Succinct data structures were proposed to represent data structures in a space-efficient manner, so that the information in large systems can be retrieved quickly, but the space requirement is little more than that of the raw data. Our work in this project improved previous results on succinct representations of many fundamental data structures. These include strings which are key structures used in the design of many succinct data structures, space-efficient text indexes that facilitate text search, and representations of unlabeled and labeled trees and graphs. These problems are fundamental, and they also have applications in text retrieval systems, XML databases and GIS applications such as Google Maps.
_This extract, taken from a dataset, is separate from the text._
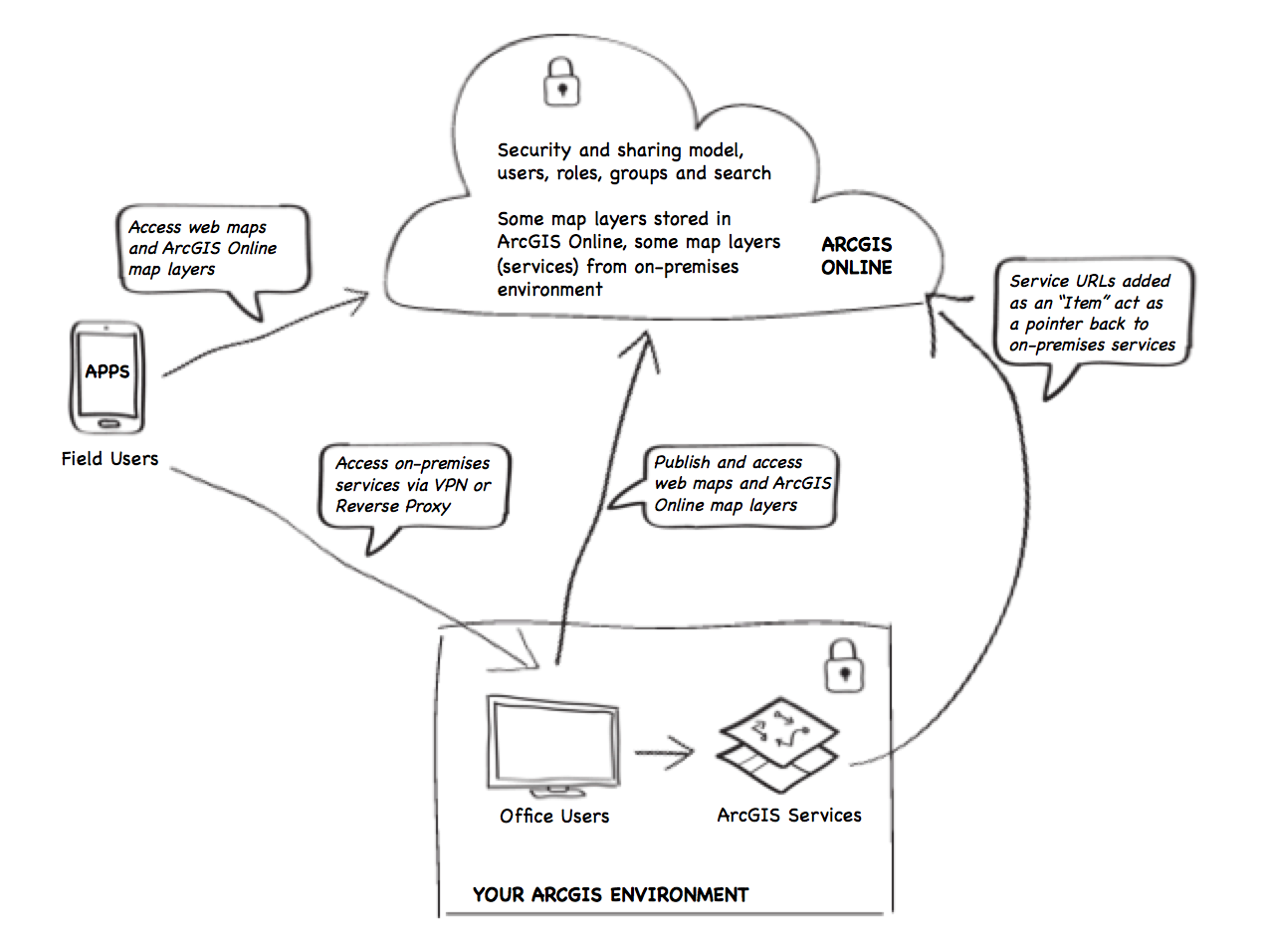 Hybrid ArcGIS Online deployment architecture
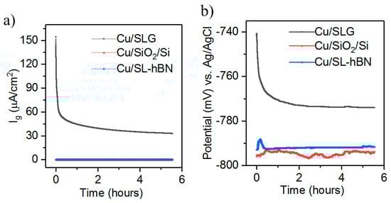 On the contrary, in hBN, the different electronegativity of nitrogen (i.e., 3.04) and boron (i.e., 2.04) atoms create localized π-electrons near nitrogen. Thus, hBN is inherently insulating and does not induce galvanic corrosion. A comparative experimental study between SLG and SL-hBN (i.e., single-layer hBN) on Cu showed that hBN can reduce the galvanic corrosion by nearly 400 times [49]. The galvanic corrosion current density (Ig) and galvanic potential showed a peak during the initial stage of corrosion for SLG (Figure 10a,b). The corrosion current was found to be significantly lower for an SL-hBN coating, indicating lower corrosion (Table 2). In addition, the galvanic potential of Cu/SLG (i.e., −744 mV) is higher than Cu/hBN (i.e., −792 mV), indicating the more cathodic nature exhibited by graphene.

We also started several new research directions in this area, such as designing succinct indexes to achieve data abstraction in succinct data structure design, combining succinct data structures with other algorithmic approaches such as I/O-efficient algorithms and data structures, as well as using succinct data structures to improve the query efficiency of classic data structures.
We designed a collection of space-efficient text indexes that support various types of text search, including substring search and position-restricted substring search. These indexes typically occupy space close to a compressed version of the textual data, and they can answer queries without requiring the raw data. This saves storage space drastically, as standing text indexes such as suffix trees typically occupy space that is 10-20 times the size of the raw data.
Geometric data structures are used extensively in geographic information systems, computer graphics and databases. Thus it is important to improve their space efficiency for large applications. We designed space-efficient data structures that support queries such as range search, majority and point location. We also designed approaches to represent triangular terrains compactly to support queries such as terrain profiles and trickle paths.
Previous work on implementing succinct trees and text indexes has shown that succinct data structures are very useful in practice. Despite such work, there are many theoretical results that have not been evaluated in practice. Thus this project engineers the implementation of succinct data structures.